The W_d test for DIF detection that was used in previous studies (Hou et al., 2014; Svetina et al., 2018) was based on item-wise information matrix. However, Liu et al. (2016a) pointed out that because the item and the structural model parameters are simultaneously estimated from the item response data, the information matrix of CDMs should contain both item and structural parameters. The item-wise information matrix underestimate the variance-covariance matrix of item parameters (Philipp et al., 2018). As alternatives, cross-product (XPD) information, observed (Obs) information, and sandwich-type (Sw) covariance matrices have been proposed for estimating asymptotic covariance matrices of item parameters (Liu et al., 2016b, 2019; Philipp et al., 2018).

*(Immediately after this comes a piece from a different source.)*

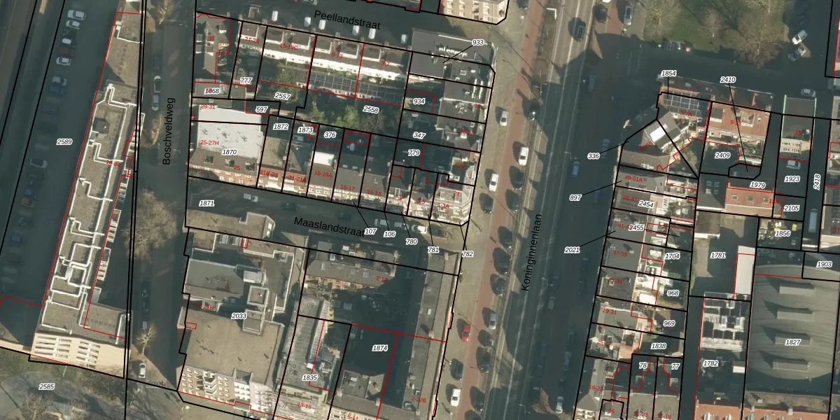Het perceel waarop Maaslandstraat 3 staat heeft een oppervlakte van 60 m². Dit is een klein perceel. De perceeloppervlakte wordt geregistreerd door het Kadaster. Gedetailleerde informatie over de maten van dit perceel kunt u vinden in het rapport Kadastrale kaart met maatvoering van Maaslandstraat 3.

That is, the item parameter covariance matrix used to compute the Wald statistic can be estimated using XPD, Obs, or Sw matrix (statistics denoted as W_XPD, W_Obs, and W_Sw, respectively). Liu et al. (2016b) evaluated the empirical performance of W_XPD and W_Obs for detecting DIF in CDMs following Hou et al.'s (2014) simulation design. They found that when the sample size was 1,000 and the attribute correlation was 0, following Bradley's (1978) liberal criteria (1978), W_XPD and W_Obs had accurate Type I error rates.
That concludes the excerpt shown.